'''
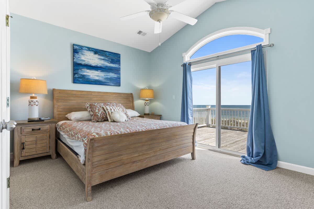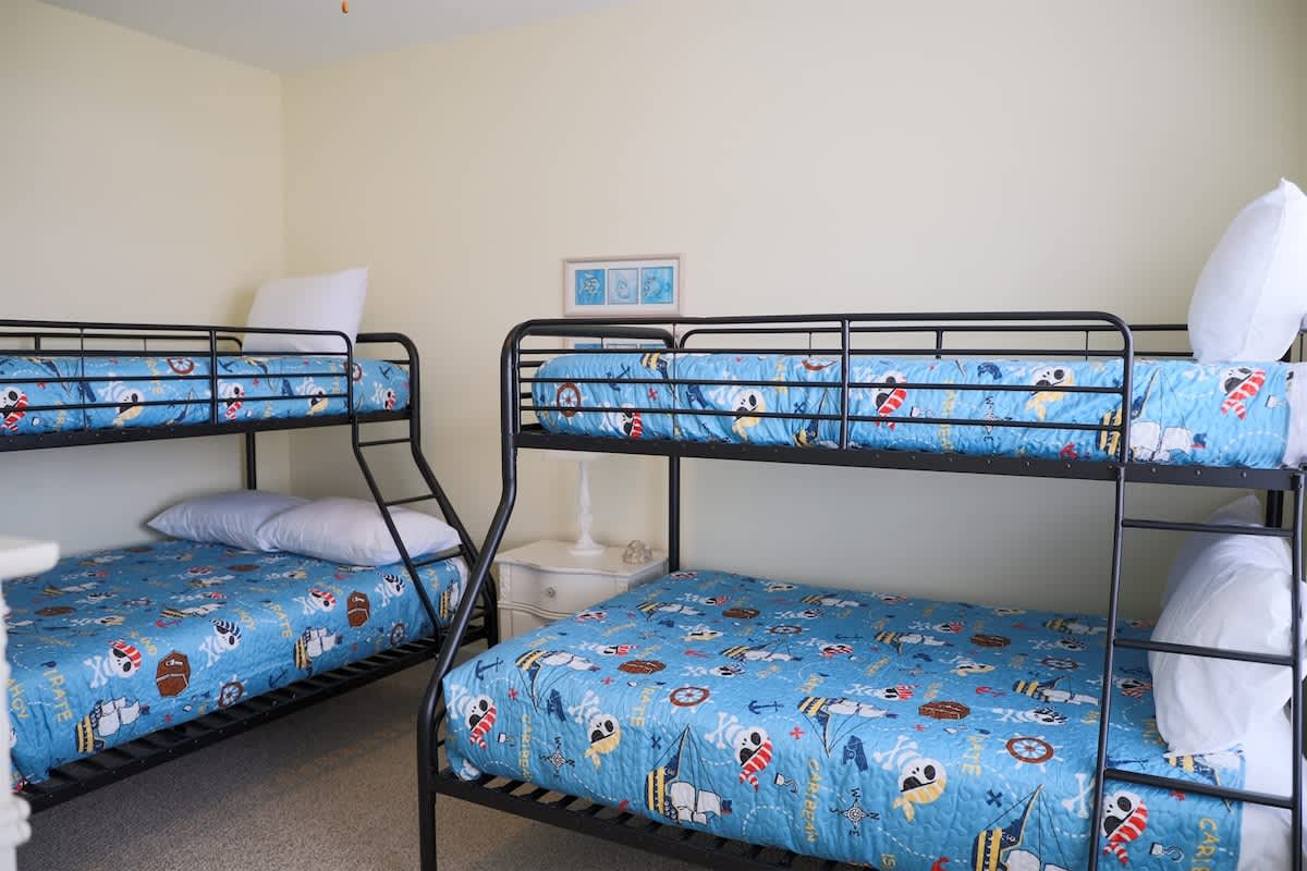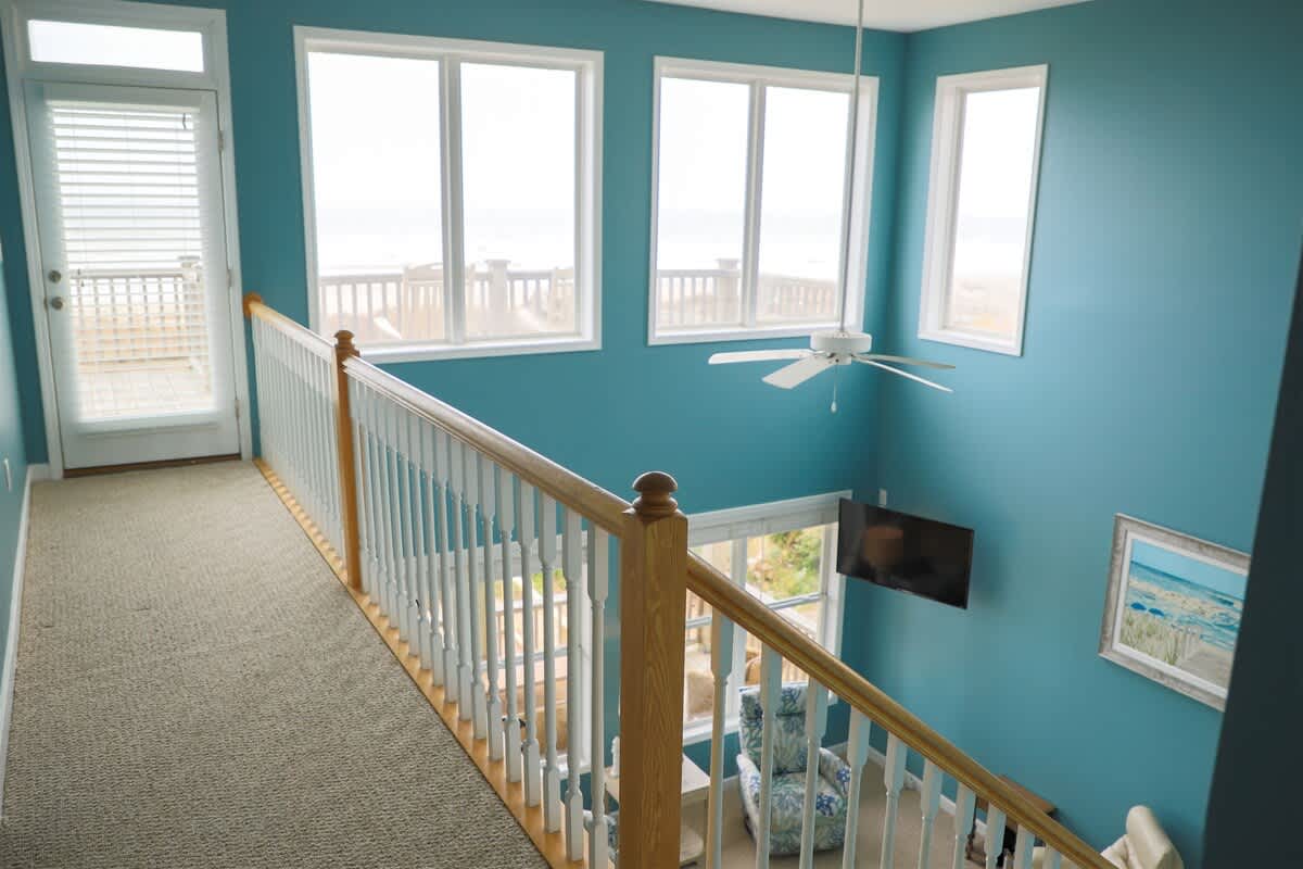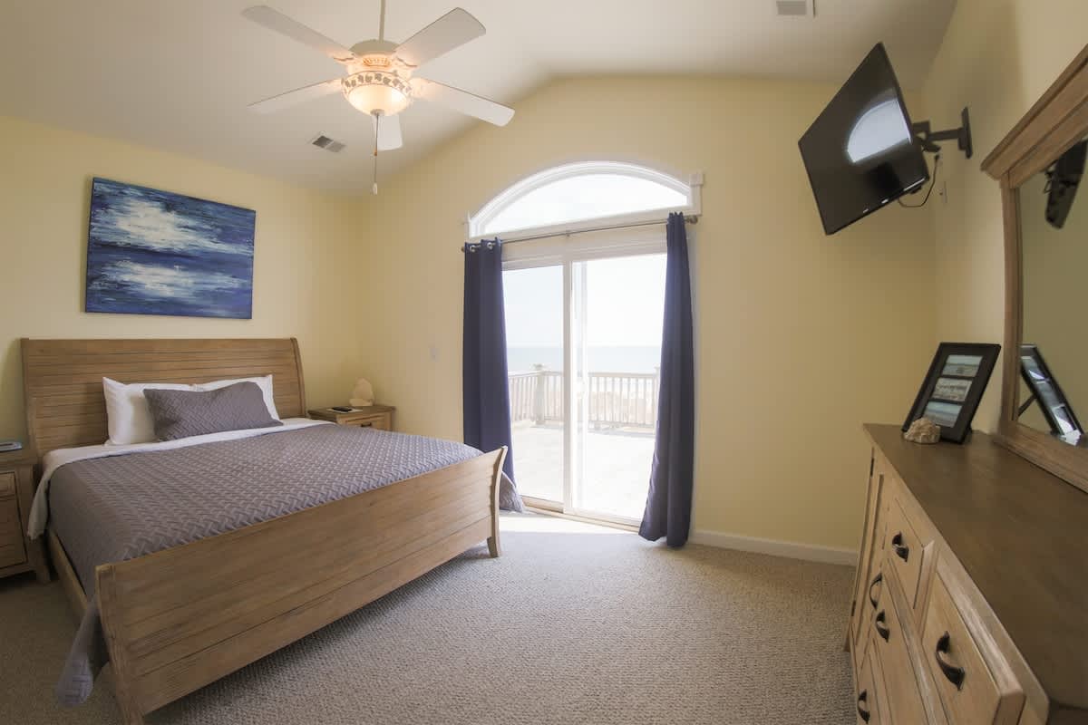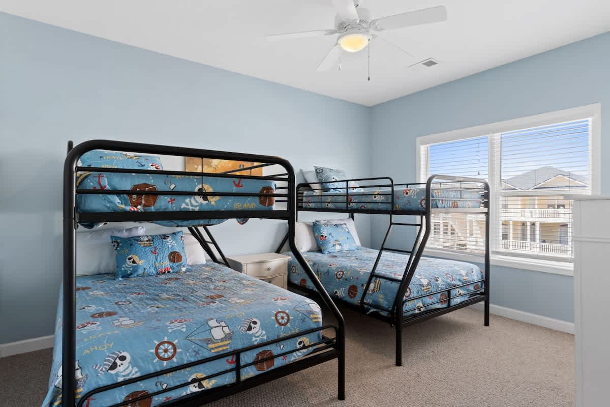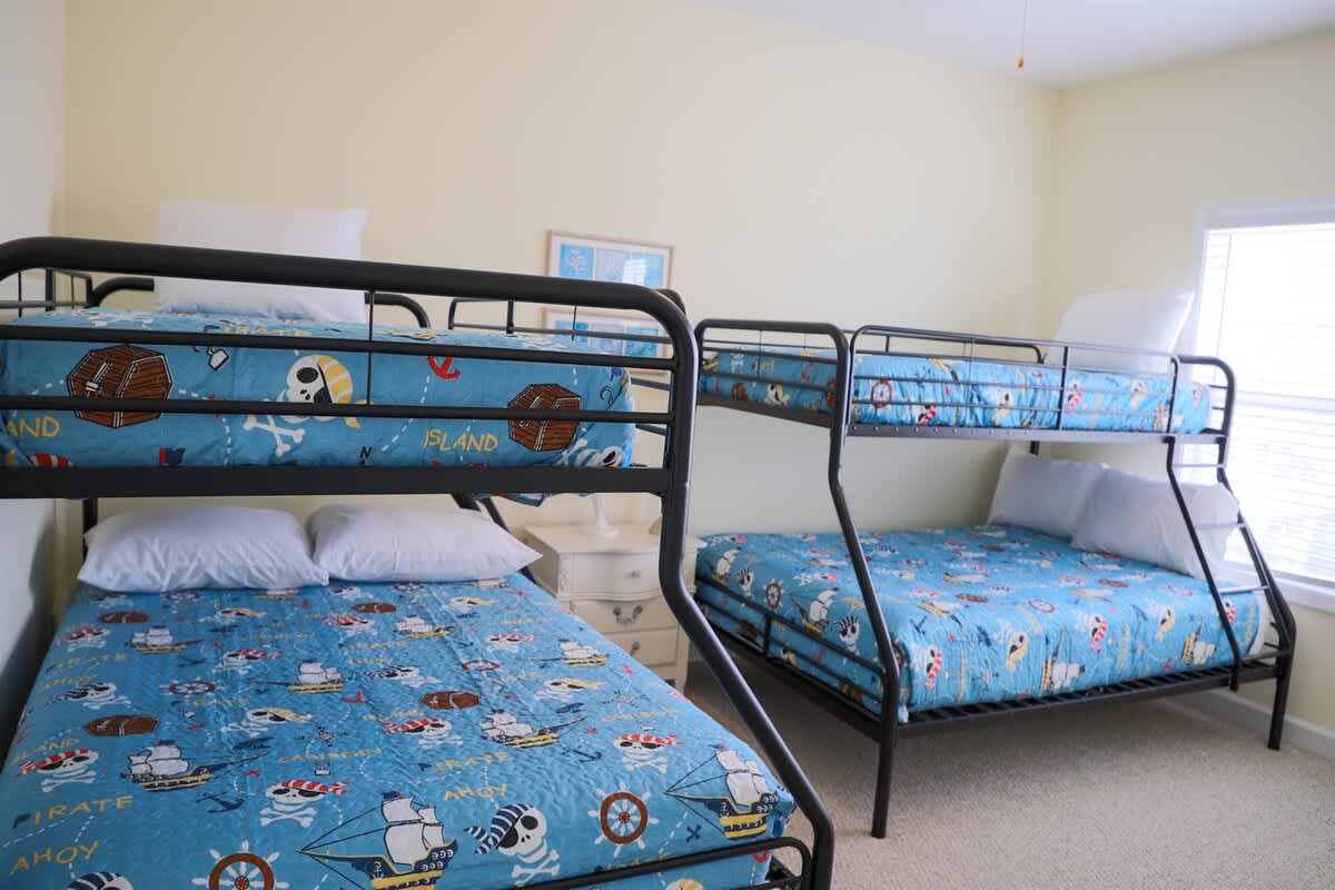 Upstairs you will find the tastefully re-decorated master suite which has a king bed and offers gorgeous ocean views from the sliding glass door as well as access to the upper deck with new deck furniture. The street-side bedrooms include one room with a queen bed and another featuring 2 sets of bunk beds, full beds on the bottom and twin beds on top- perfect for kids!
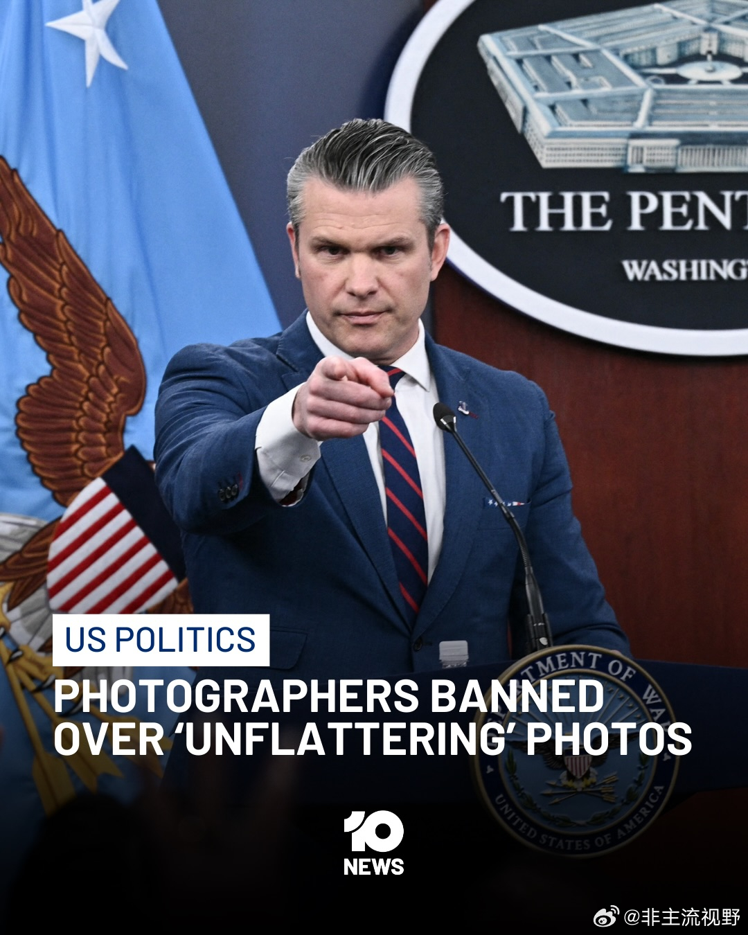 这又是一例子:美国五角大楼禁止新闻摄影师参加关于美国以色列与伊朗战争的简报会,美国国防部长格塞斯的照片被他的工作人员认为不好看,摄影师已被排除在3月4日和3月10日的简报会之外,从那以后,只有国防部工作人员御用摄影师被允许进入简报会拍摄。
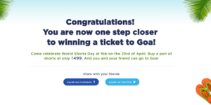 - Go to store on 23rd April 2017 and buy shorts and submit the mobile number to win a trip to Goa.
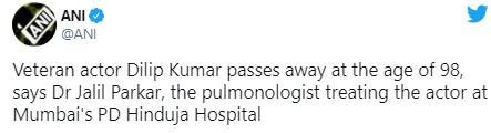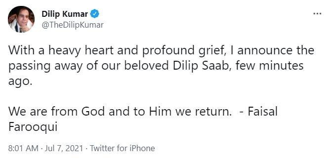 દિલીપકુમારના પારિવારિક મિત્ર ફૈઝલ ફારૂકીએ અભિનેતાના સત્તાવાર ટ્વિટર પરથી તેમના નિધનની માહિતી આપી છે. તેમણે લખ્યું હતું, ખુબ ભારે દિલથી કહેવું પડે કે હવે દિલીપ સાબ હવે અમારી સાથે નથી’” આ સમાચાર મળતા જ ઈન્ડસ્ટ્રીમાં શોકની લહેર ફરી વળી છે. તમામ સેલેબ્સથી લઈને ચાહકો સુધી દરેક તેના નિધન પર દુઃખ વ્યક્ત કરી રહ્યા છે.
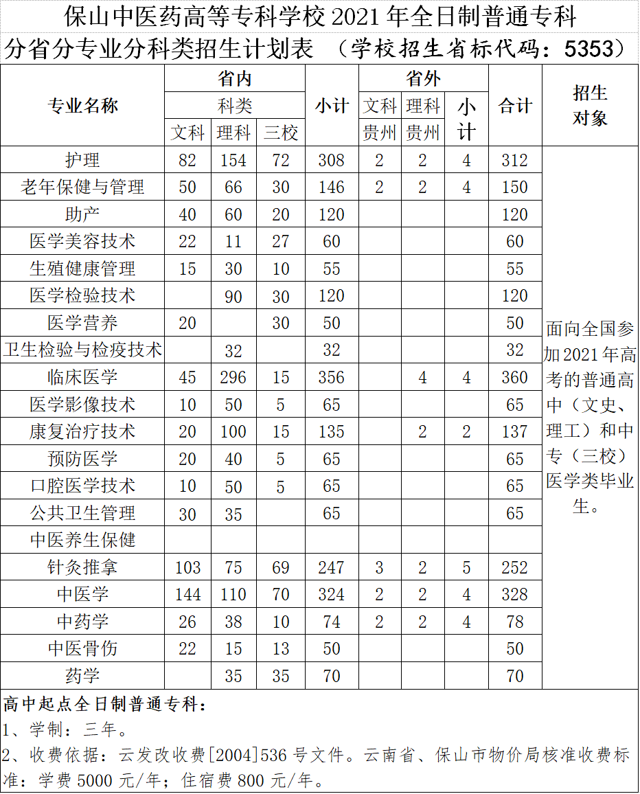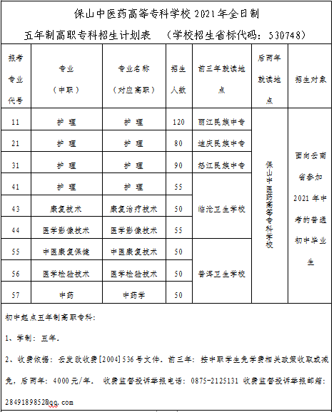 保山中醫(yī)藥高等??茖W(xué)校2021年招生簡章
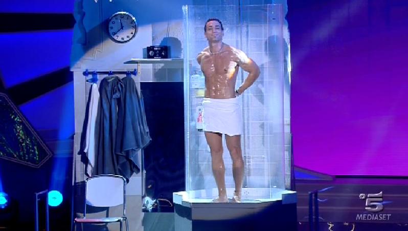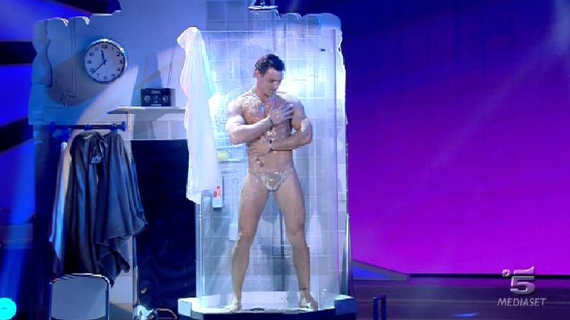 Ore 23.40: annunciato con un bollino rosso in mano da Annicchiarico e Belen, ecco lo spogliarellista Michele Ormella. Non poteva mancare la doccia, ma la mutanda rosa avremmo preferito risparmiarcela.
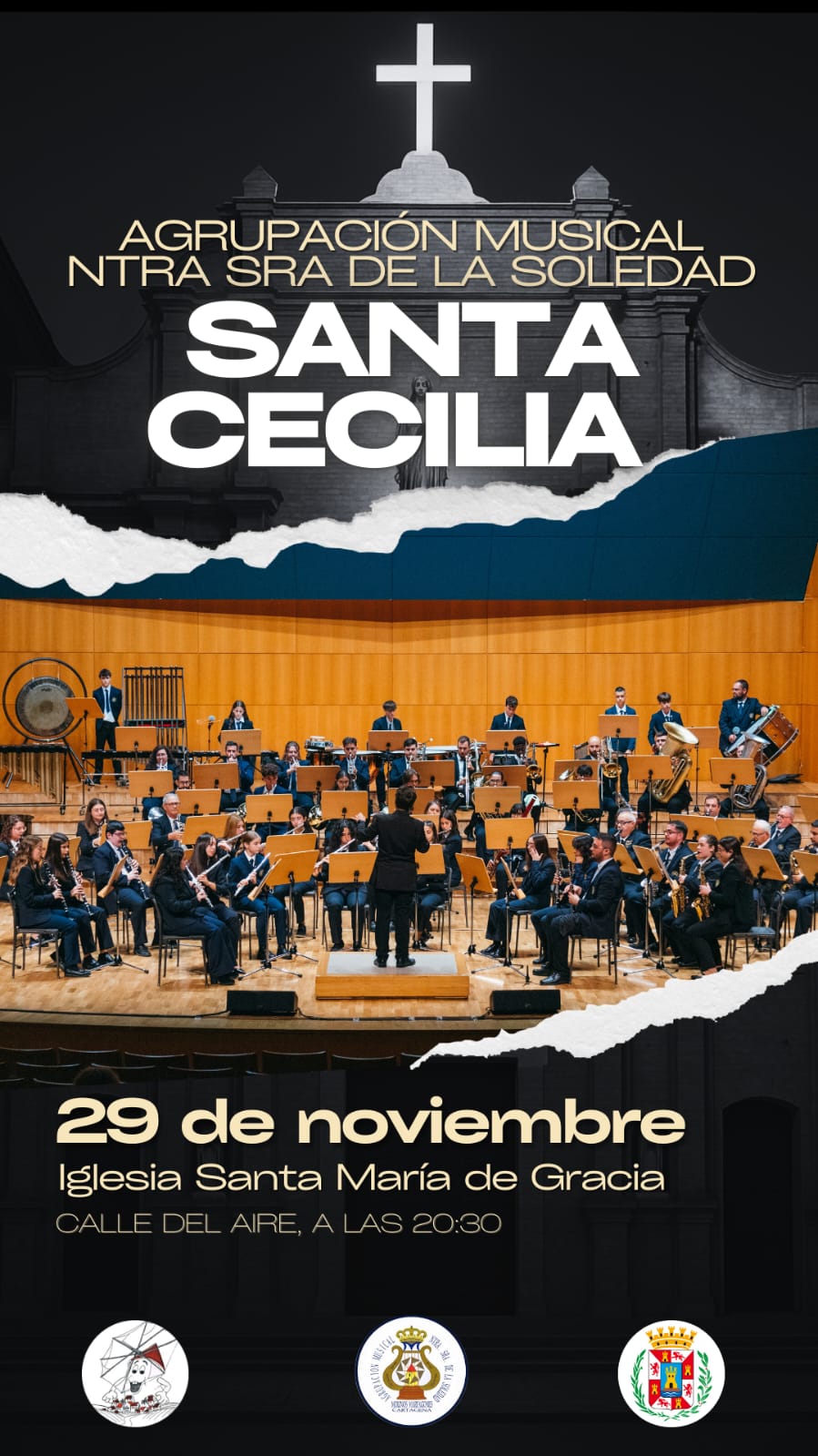 Concierto Agrupación Musical Nuestra Señora de la Soledad, a las 20:30 horas, en la iglesia Santa María de Gracia. Se trata de un concierto que la agrupación realiza en honor a Santa Cecilia, patrona de la música. Según los organizadores, es un viaje musical que te llevará desde la gran pantalla hasta la grandiosidad de las composiciones originales. Entrada libre, hasta completar aforo.
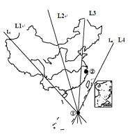 1、单选题 经天文学家精密计算确定:南沙群岛的海马滩(①点)为我国版图2012年第一道阳光地点,1月1日的日出时刻为北京时间6时27分;浙江省温岭市的石塘镇(②点)为我国大陆的第一道阳光地点。读图,回答问题。
'''
• [TASK PROMPT]: Give back exactly the lines from the line with "Concierto Agrupación Musical" through the end of the material above, inclusive, with no pictures.

• [RESPONSE TO THE EXERCISE]:
 Concierto Agrupación Musical Nuestra Señora de la Soledad, a las 20:30 horas, en la iglesia Santa María de Gracia. Se trata de un concierto que la agrupación realiza en honor a Santa Cecilia, patrona de la música. Según los organizadores, es un viaje musical que te llevará desde la gran pantalla hasta la grandiosidad de las composiciones originales. Entrada libre, hasta completar aforo.
 1、单选题 经天文学家精密计算确定:南沙群岛的海马滩(①点)为我国版图2012年第一道阳光地点,1月1日的日出时刻为北京时间6时27分;浙江省温岭市的石塘镇(②点)为我国大陆的第一道阳光地点。读图,回答问题。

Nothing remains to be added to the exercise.